Entonces en el 2020 AMLO toma los ahorros de 2019, los reparte entre todos (no solo a los unos cuántos, no solo a la mafia del poder) y asunto arreglado.

Hagamos cuentas del paraíso al que llegaríamos y preparémonos para administrar la abundancia: quinientos mil millones divididos entre los mexicanos dividido entre los días que tiene 2020 llegamos a una fortuna. Imaginen, partimos de QUINIENTOS MIL MILLONES DE PESOS.

Así, en un día de fiesta nacional, a partir del 1 de enero de 2020 todos los mexicanos podrían pasar diariamente por sus… por sus… ah, caray. Por sus  $10.84.

Yo prefiero que esos casi once pesos al día estén en manos de todos y no de los políticos corruptos, sus familias y prestanombres. Prefiero que cada uno los use en lo que necesite a que se vaya en gastos suntuosos. Pero no nos engañemos en el diagnóstico: si llevas la corrupción cuantificada por AMLO a cero, agregas corrupción cero, agregas costo de vigilancia cero y redistribuyes con costo cero, de todos modos el pastel no es suficiente.

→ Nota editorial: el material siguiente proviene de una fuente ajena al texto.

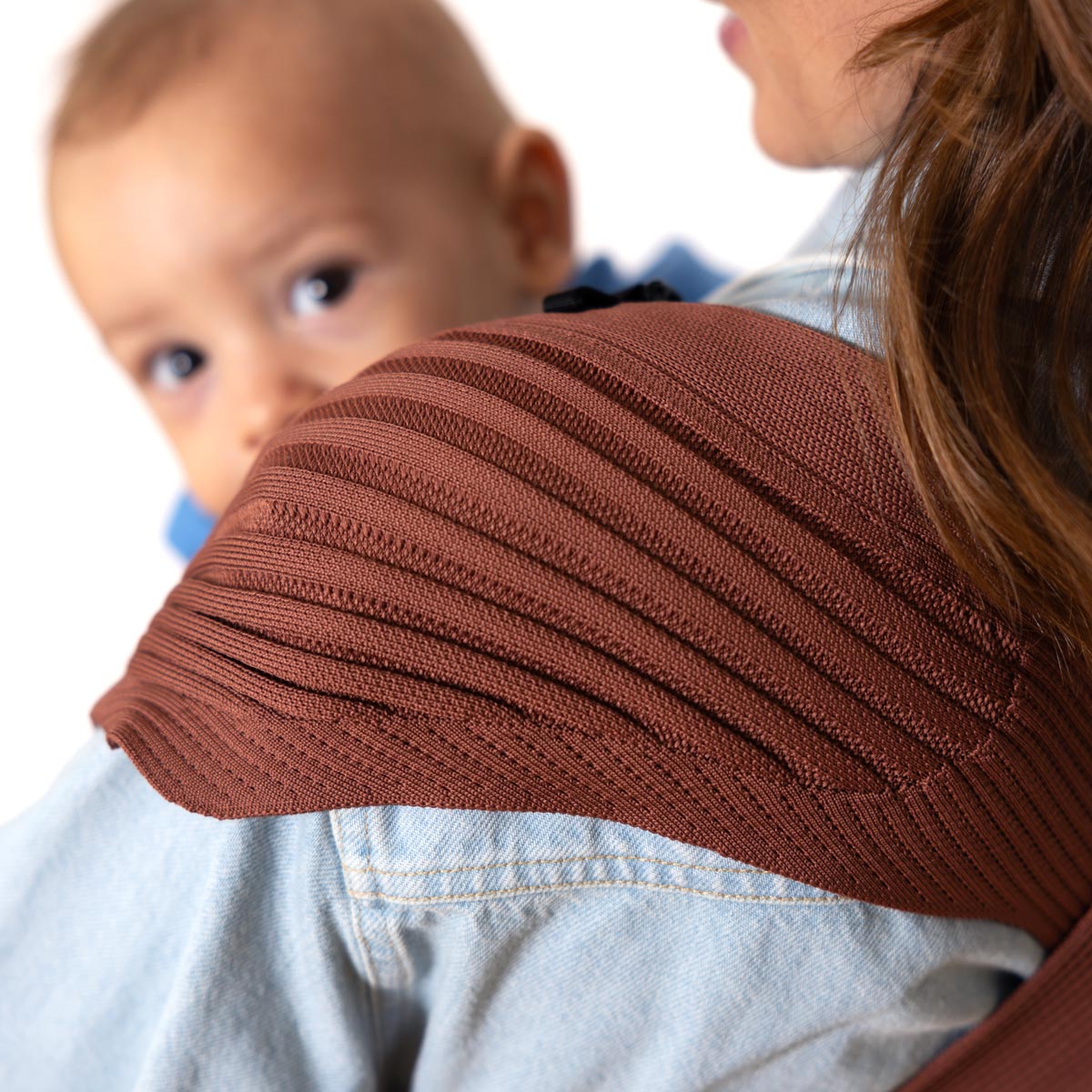Mit dehnbarer Rippenstruktur passt sich das Gestrick der Schulterpartie flexibel an und verteilt Babys Gewicht gleichmäßig ohne auszuleiern. Das schont den Rücken und entlastet die Muskulatur. So haben Verspannungen, die durch die punktuelle Belastung von Standardgurten entstehen können, keine Chance.

Para que el pastel crezca debe haber inversión privada. De empresarios de todo tipo: extranjeros, mexicanos billonarios, empresarios grandes, empresarios medianos, empresarios pequeños, empresarios micro, cooperativas… de todo tipo. No nos engañemos con recetas fáciles. No basta con vender el avión y mudarse a Palacio Nacional y quitar la peluquería de la Cámara de Diputados.

Cuando empezamos a conocer los innumerables escándalos de corrupción de este sexenio, el PRI guardó silencio. Lo van a pagar perdiendo el poder federal. El PAN tuvo un papel lamentable: guardó durante años un silencio cómplice que hoy le podemos reprochar a Anaya, que ya habla de castigar ese pasado pero cuando era presente no se le escuchó tanta enjundia.

Toda iniciativa sensata contra la corrupción y el despilfarro será bienvenida por mí. Como he comentado antes, creo más en las recetas que pasan por instituciones y contrapesos que las que pasan por caudillos. Pero siendo lacerante el tema de la corrupción, no es la solución a todo ni siquiera con las cuentas más alegres.

Si sobreestimas el poder de una aspirina, no lograrás curar al paciente.